Studio album by Jal
- Released: 14 December 2007
- Recorded: 2006–2007
- Studio: Digital Fidelity Studio, Lahore, Pakistan
- Genre: Alternative rock Pop rock
- Length: 61:35
- Label: Fire Records, Tips Records
- Producer: Mekaal Hasan

Jal chronology
| Aadat (2004) | Boondh (2007) | Pyaas (2013) |

Singles from Boondh
- "Sajni" Released: 15 December 2007; "Chalte Chalte" Released: 24 March 2008; "Main Mast Hoon" Released: 26 August 2008; "Moray Piya" Released: 14 November 2008; "Yeh Mera Pakistan" Released: 27 September 2009; "Humain Itna Pyaar" Released: 16 November 2009;

Alternative cover
- Album art for Indian release

= Boondh =

2007 studio album by Jal

Boondh (بوند ) is the second album by the Pakistani pop/rock band Jal, released on 14 December 2007, three years after the release of the band's debut Aadat.
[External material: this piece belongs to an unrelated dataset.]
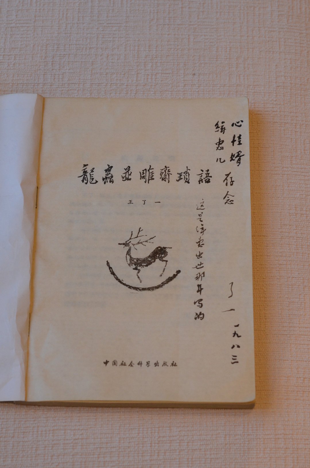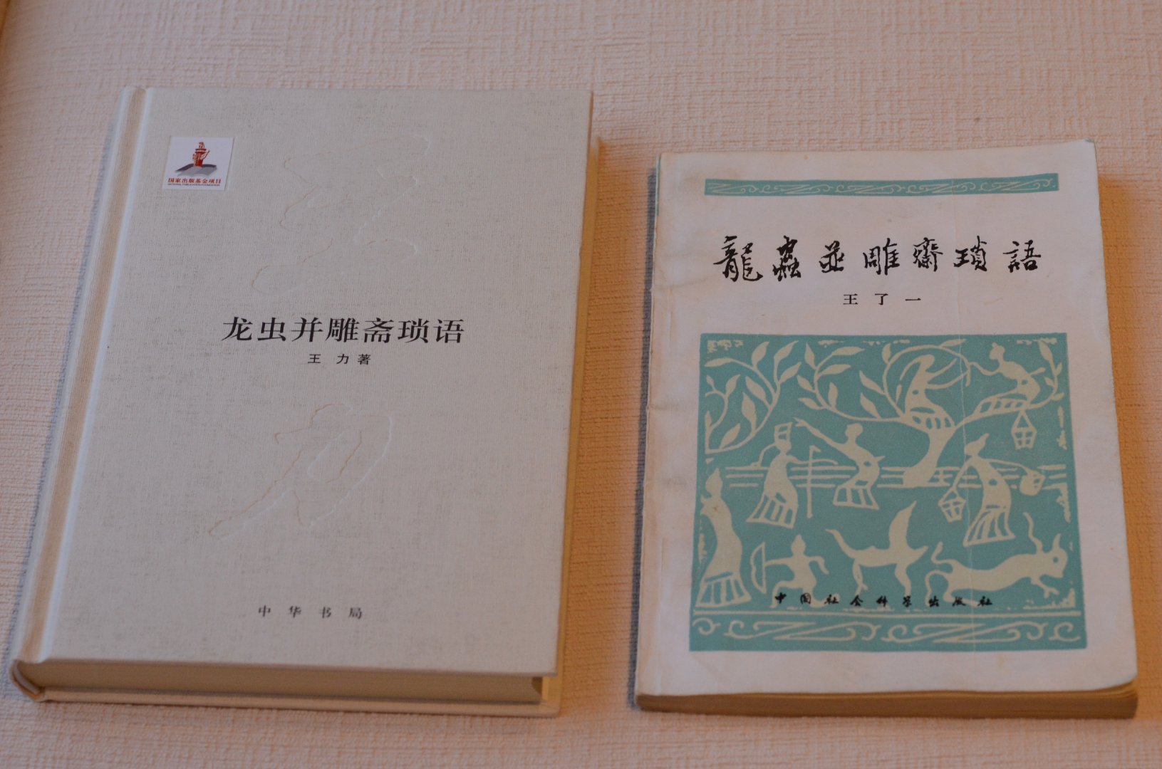 《幸福》的前言里提到的那本外公的《龙虫并雕斋琐语》,我家里有两本。一本是一九八三年由社会科学出版社出版,根据一九四九年的旧本重印的,请当时外公的助手张双棣老师加入了一些注释。还有一本是前几年买的中华书局二〇一五年的版本,硬皮精装,属于《王力全集》之二十三卷。

The first single from the album, "Sajni", was a major hit all over Pakistan.

== Singles ==
Singles from the album were "Sajni", "Moray Piya", "Yeh Mera Pakistan", "Main Mastt Hoon", "Humein Itna Pyaar" and "Chalte Chalte".

== Track listing ==

Boondh
| No. | Title | Writer(s) | Length |
|---|---|---|---|
| 1. | "Sajni" |  | 5:06 |
| 2. | "Raatein" |  | 4:31 |
| 3. | "Humain Itna Pyaar" |  | 5:33 |
| 4. | "Moray Piya" |  | 4:30 |
| 5. | "Main Mastt Hoon (Dhamaal)" |  | 5:03 |
| 6. | "Mahia" |  | 4:58 |
| 7. | "Payal" |  | 5:51 |
| 8. | "Chup Chup" |  | 4:10 |
| 9. | "Kia Se Kia" | Farhan Saeed Butt, arranged by Jal and Salman Albert | 4:05 |
| 10. | "Yeh Mera Pakistan" |  | 5:28 |
| 11. | "Sajni" (Slow Version) |  | 5:45 |
| 12. | "Humain Itna Pyaar" (Slow Version) |  | 6:15 |
| Total length: |  |  | 61:35 |

Limited edition
| No. | Title | Writer(s) | Length |
|---|---|---|---|
| 13. | "Chalte Chalte" | Mumtaz; Saeed; | 3:53 |
| 14. | "Humain Itna Pyaar (Reprise)" |  | 6:01 |

==Personnel==
Credits taken from the album liner notes.

Jal
- Farhan Saeed Butt – lead vocals on all tracks except "Humain Itna Pyaar", "Mahia" and "Chup Chup"
- Goher Mumtaz – guitars, vocals on "Humain Itna Pyaar", "Mahia", "Chup Chup" and "Yeh Mera Pakistan", co-production on guitar tones
- Aamir "Shazi" Sheraz – bass guitar

Additional musicians
- Salman Albert – drums on all tracks except "Main Mastt Hoon (Dhamaal)", "Mahia", "Kia Se Kia" and "Chup Chup"
- John "Gumby" Louis Pinto – drums on "Main Mastt Hoon (Dhamaal)", "Mahia", "Kia Se Kia" and "Chup Chup"
- Ali Mustafa – loops and keyboards
- Ijaz Ali – harmonium on "Main Mastt Hoon (Dhamaal)"
- Babar Khanna – percussion on "Main Mastt Hoon (Dhamaal)"

Production
- Mekaal Hasan – production, mixing
- Maram and Aabroo – photography
- Murtaza "Murzie" Niaz at Salieh Interactive – album cover concept and design
- Munib Narwaz and Karighar – wardrobe

==Awards and nominations==
Awarded for Best Album of the Year at the 7th Lux Style Awards in 2008.